The staffys were left without shade in temperatures as high as 35 degrees in Edensor Park, situated in the city's southwest, on Tuesday morning.
"A member of the public found them in a tiny, little cardboard box. By the time the ranger got there to pick them up, they were panting and extremely hot," Lisa Younes from Pound Patrol told Yahoo News Australia.
After being dumped by an unknown person, it is believed the one-week-old dogs were in the park for "a couple of hours" before they were collected by a council ranger and safely transported to the animal shelter.
"They all had a good feed as soon as they were dropped off.
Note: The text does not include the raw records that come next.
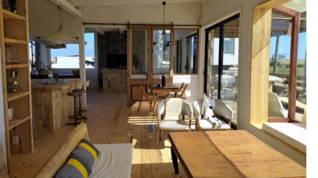 EN ALQUILER CASA CON GRAN VISTA AL MAR!Ubicada en La Juanita en primera linea a la laguna Jose Ignacio.. Construida en dos plantas, de madera y concreto.La casa cuenta con tres dormitorios internos y dos extras externos. Lavadero y parrillero.Cinco dormitorios en total y cinco baños.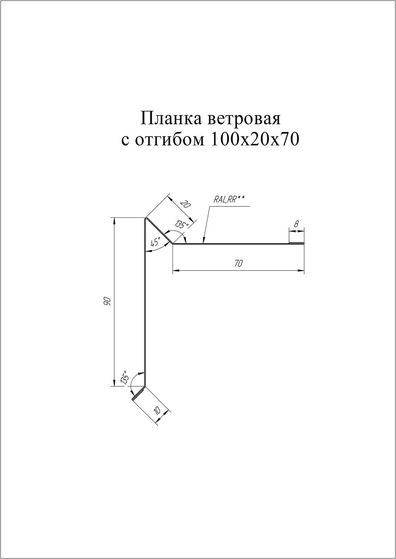 Планка ветровая д/м.кровли 100х20х70 0,45 Drap ST RAL 7016 серый антрацит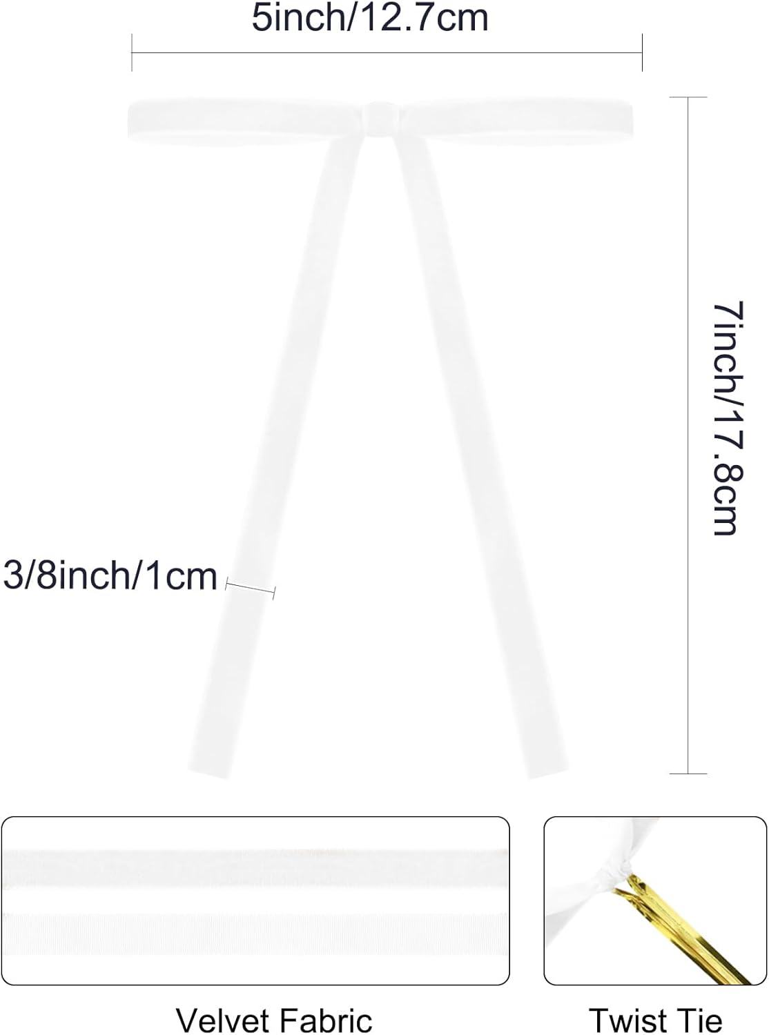 SIMISI RIBBON 24Pcs White Christmas Velvet Ribbon Bows Decorations Xmas Ornaments Vintage Decor for Tree, Wreath, Garland (3/8'' Width, 5 * 7 inch)

I assessed them for any abnormalities and they all came across very healthy," Ms Younes said, however only time will tell what impact the incident will have on the puppies — with dumping known to have negative impact for those animals who experience it.
"They've had to live life out there in survival mode, it takes us time to get dogs to unwind and get them ready to be able to be adopted again and out into society."
Fairfield City Council confirmed with Yahoo News there is an open investigation into the dumping.
Increase in number of dogs being dumped
Dogs are being surrendered at an alarming rate across Australia, with factors such as the rising cost of living and post-lockdown freedom responsible for the majority of rehoming centres being at full capacity.
Despite Blacktown City Council funding $36 million into a new rehoming centre in western Sydney to help combat the rising issue, the new Blacktown Animal Rehoming Centre (BARC) has an ever-increasing demand for their facility since opening in June.
"BARC has experienced a significant increase in the number of dogs being brought in to the centre," it told Yahoo News.
However, there is an "alarming" increase in the number of dumping incidences occurring, with rescuers believing this is due to owners hoping to avoid surrender fees which cover the costs associated with caring for unwanted pets.
Surrender fees vary depending on council area and state, however, Blacktown residents pay $292 plus GST to surrender their dogs, with non-residents paying around $510. Like many rehoming centres, BARC aims to address and solve issues people are facing when it comes to pet ownership in the hope to keep animals out of pounds.
"The surrendering of an animal to BARC initiates a process with the owner of that animal. Where possible, the animal remains in the care of the owner until a rehoming can occur," Blacktown City Council said. "For your pet to thrive and live their best life, owners need to make a time and financial commitment and provide a safe and stimulating environment."